Assign a policy as a 'condition of use' for an organization in a Room, or change the current assignment, as follows:
- Log in to the Tehama Web UI.
- Click on the ROOMS tab.
- Click on the name of the Room you want to access. You will see the Room's interface. The tab you will see depends on the role you have within your organization.
- Click on the MEMBERS tab.
- Locate the organization name. The policy will be visible adjacent to the organization name.
- Click on the policy name. You will see the ASSIGN CONDITIONS TO ROOM dialog.
- Select the policy you want to assign from the "Conditions of use" dropdown field.
View the policies you can choose from under your organization's CONDITIONS OF USE tab. (See the 'View a policy/condition-of-use defined in your organization' section above.)
If you want to remove the currently set policy without assigning another one, select the 'No policy' option. - Click ASSIGN.
All Room members in the organization will be required to accept the policy.
All Room members in the organization that are in violation of the policy's 'Conditions of access', will lose access to the Room.
Accept a policy/condition-of-use for an organization in a Room
All members of a Room can accept the current policy for their organization in the Room.

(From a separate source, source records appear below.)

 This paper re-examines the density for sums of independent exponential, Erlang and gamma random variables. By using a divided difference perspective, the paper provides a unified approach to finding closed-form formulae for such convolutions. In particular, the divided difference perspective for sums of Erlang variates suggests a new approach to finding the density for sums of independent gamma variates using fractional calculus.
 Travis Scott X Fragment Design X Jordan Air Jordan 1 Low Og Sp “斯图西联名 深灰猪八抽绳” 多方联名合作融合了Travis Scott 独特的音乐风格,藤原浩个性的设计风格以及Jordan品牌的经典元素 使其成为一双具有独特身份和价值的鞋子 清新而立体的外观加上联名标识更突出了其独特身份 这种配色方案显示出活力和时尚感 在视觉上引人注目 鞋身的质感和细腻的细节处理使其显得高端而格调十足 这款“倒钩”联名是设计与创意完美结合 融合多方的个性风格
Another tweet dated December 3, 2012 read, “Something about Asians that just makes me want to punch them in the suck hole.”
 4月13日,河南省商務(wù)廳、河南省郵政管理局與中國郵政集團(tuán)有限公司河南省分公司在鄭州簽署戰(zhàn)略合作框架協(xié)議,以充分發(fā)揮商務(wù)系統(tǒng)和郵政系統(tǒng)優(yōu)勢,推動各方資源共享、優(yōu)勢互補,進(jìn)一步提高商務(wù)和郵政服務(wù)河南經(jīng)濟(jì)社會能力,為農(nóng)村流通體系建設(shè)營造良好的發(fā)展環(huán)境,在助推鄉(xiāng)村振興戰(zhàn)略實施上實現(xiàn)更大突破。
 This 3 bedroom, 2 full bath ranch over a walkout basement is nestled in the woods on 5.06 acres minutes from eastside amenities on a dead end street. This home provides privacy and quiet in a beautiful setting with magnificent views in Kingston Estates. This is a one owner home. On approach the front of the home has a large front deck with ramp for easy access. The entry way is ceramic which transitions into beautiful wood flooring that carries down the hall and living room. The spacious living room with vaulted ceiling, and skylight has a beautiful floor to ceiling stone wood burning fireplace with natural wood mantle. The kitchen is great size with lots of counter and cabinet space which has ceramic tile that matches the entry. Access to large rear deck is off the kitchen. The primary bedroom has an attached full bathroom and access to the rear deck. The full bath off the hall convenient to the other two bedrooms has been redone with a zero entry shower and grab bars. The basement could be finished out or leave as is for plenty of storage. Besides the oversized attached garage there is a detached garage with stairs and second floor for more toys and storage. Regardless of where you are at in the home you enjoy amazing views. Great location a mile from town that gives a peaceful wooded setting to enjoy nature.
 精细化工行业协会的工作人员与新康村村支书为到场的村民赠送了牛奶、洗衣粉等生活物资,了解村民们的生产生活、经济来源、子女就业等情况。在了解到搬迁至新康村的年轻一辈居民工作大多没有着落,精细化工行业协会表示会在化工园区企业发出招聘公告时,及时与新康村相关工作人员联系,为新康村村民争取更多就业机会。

You are required to accept the policy that is currently assigned as the 'condition of use' for your organization in a Room in which you are a member, before you can access the Room or connect to your Desktop(s) in the Room.

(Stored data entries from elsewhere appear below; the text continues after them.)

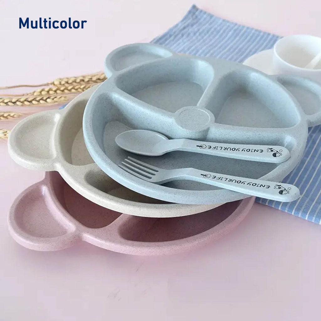 Kids 3 Compartment Food Tray / Plates With Spoon & Fork Cartoon Shape Plate for Kids for Breakfast, Lunch, Dinner and Snack Serving 3 Sectioned Food Plates (1 Set)
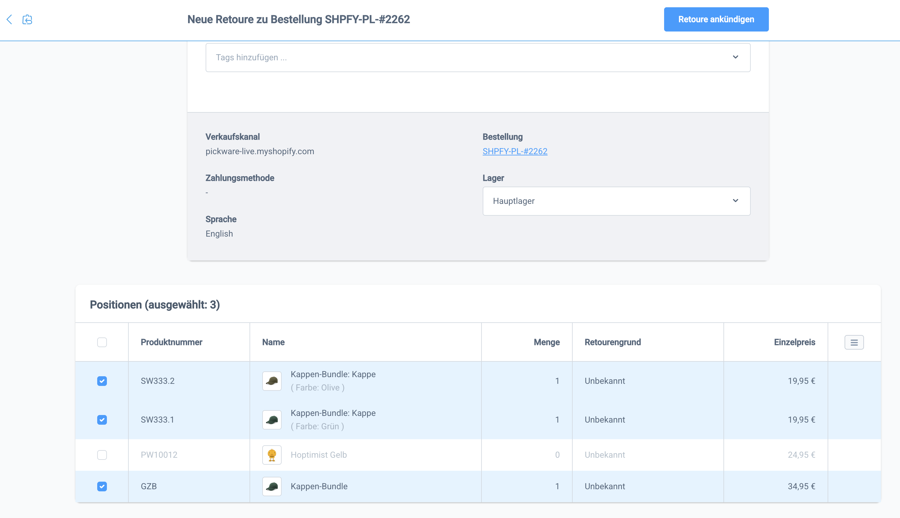 Retouren für Bundle-Produkte können ganz normal über Shopify oder Pickware angelegt werden. Alle Informationen zur allgemeinen Retourenbearbeitung mit Pickware findest du hier.
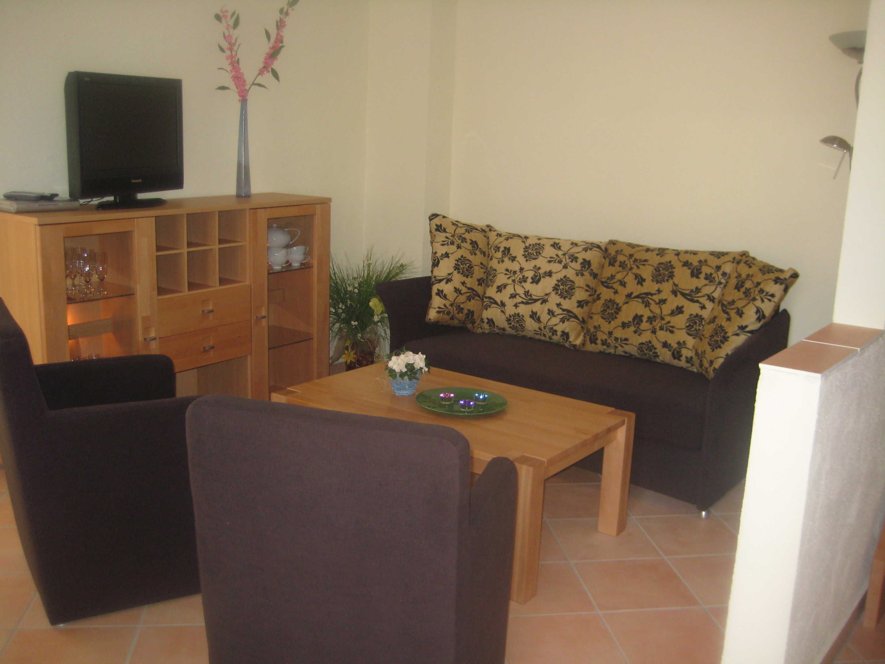 Im Haus befinden sich Ferienwohnungen und Maisonette-Wohnungen mit Gartenanteil.
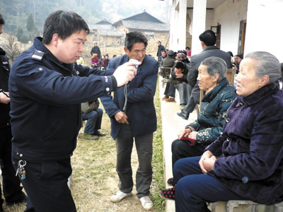 连日来,姚坪乡派出所所长徐永宏和同事们带着照相机等设备,深入全乡16个行政村,上门为年迈老人、残疾人、留守妇女补办第二代身份证500余人次,深受群众好评。图为该所干警正在肖家沟村为年迈老人照相补办第二代身份证。(柯勇 摄)

You must re-accept the policy if it has been updated since the last time you accepted it.
You will be prompted to accept the policy when you try to connect, or when you try to work or access assets in the Room.
IMPORTANT: You will only be able to accept the policy if you meet the Conditions of access for the policy. If you do not meet the conditions, you will be considered to be in violation of the policy and be denied access to the Room and your Desktops in the Room.
Accept the policy , as follows:
- Log in to the Tehama Web UI.
- Click on the ROOMS tab.
- Click on the name of the Room you want to access. You will see the Room's interface. The tab you will see depends on the role you have within your organization.
- Click on the CONDITIONS OF USE tab. You will see the name of the policy and its terms of use.
- Click I ACCEPT to accept the policy.
Policy/condition-of-use violation
If you see one of the following, you are in violation of the policy that has been assigned as the "conditions of use" for your organization in a Room:
- You see the following banner: **Access to this room has been denied due to policy violation. For further details please contact your organization administrator.**, after attempting to perform work through the Room's interface.
When you are in violation of the policy, you will be denied access to the Room and be unable to connect to your Desktops in the Room.
Contact your manager to determine the nature of the violation.